Segment Open

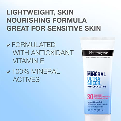 Protect your skin from sun exposure with Neutrogena Mineral UltraSheer Dry-Touch SPF 30 Sunscreen Lotion. Ideal for sensitive skin, this broad-spectrum sunscreen with SPF 30 has a formula with a lightweight, clean feel that helps prevent sunburn when used as directed. The sheer lotion from the #1 dermatologist-recommended sun care brand contains titanium dioxide & zinc oxide for optimal protection from skin-aging UVA rays & skin-burning UVB rays. The non-chalky, dry-touch lotion is formulated with the antioxidant Vitamin E as well as 100% mineral actives, & contains no chemical actives, including oxybenzone. Shine-free & fast-absorbing, the mineral sunblock leaves skin feeling nourished & clean. Apply the broad-spectrum lotion liberally 15 minutes before sun exposure & reapply at least every two hours. UltraSheer Dry-Touch lotion is water resistant for up to 80 minutes when used as directed; reapply after 80 minutes of swimming or sweating & immediately after towel drying.
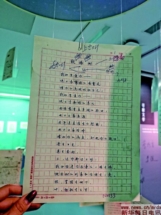 舒婷的詩(shī)歌代表作《致橡樹(shù)》就寫在42年前的兩頁(yè)“北京市電車公司印刷廠”印制的紅色格子稿紙上。如今它被串上線,懸掛在中國(guó)現(xiàn)代文學(xué)館的展廳中央。
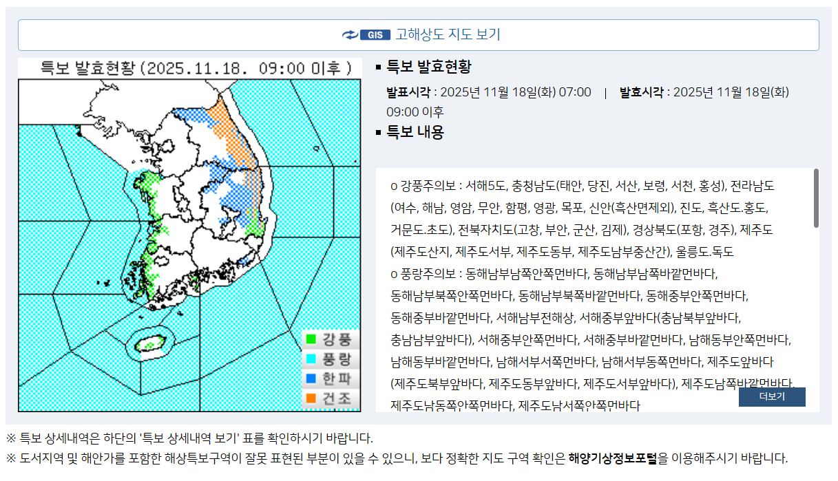> 예보정보 > 월간예보 기상특보 : - 2025-11-18 09:00:00 o 강풍주의보 : 서해5도, 충청남도(태안, 당진, 서산, 보령, 서천, 홍성), 전라남도(여수, 해남, 영암, 무안, 함평, 영광, 목포, 신안(흑산면제외),

Segment Closed

YOUR TASK: Please copy out the whole listing exactly, minus its pictures.

OUTPUT OF THE TASK:
 Protect your skin from sun exposure with Neutrogena Mineral UltraSheer Dry-Touch SPF 30 Sunscreen Lotion. Ideal for sensitive skin, this broad-spectrum sunscreen with SPF 30 has a formula with a lightweight, clean feel that helps prevent sunburn when used as directed. The sheer lotion from the #1 dermatologist-recommended sun care brand contains titanium dioxide & zinc oxide for optimal protection from skin-aging UVA rays & skin-burning UVB rays. The non-chalky, dry-touch lotion is formulated with the antioxidant Vitamin E as well as 100% mineral actives, & contains no chemical actives, including oxybenzone. Shine-free & fast-absorbing, the mineral sunblock leaves skin feeling nourished & clean. Apply the broad-spectrum lotion liberally 15 minutes before sun exposure & reapply at least every two hours. UltraSheer Dry-Touch lotion is water resistant for up to 80 minutes when used as directed; reapply after 80 minutes of swimming or sweating & immediately after towel drying.
 舒婷的詩(shī)歌代表作《致橡樹(shù)》就寫在42年前的兩頁(yè)“北京市電車公司印刷廠”印制的紅色格子稿紙上。如今它被串上線,懸掛在中國(guó)現(xiàn)代文學(xué)館的展廳中央。
> 예보정보 > 월간예보 기상특보 : - 2025-11-18 09:00:00 o 강풍주의보 : 서해5도, 충청남도(태안, 당진, 서산, 보령, 서천, 홍성), 전라남도(여수, 해남, 영암, 무안, 함평, 영광, 목포, 신안(흑산면제외),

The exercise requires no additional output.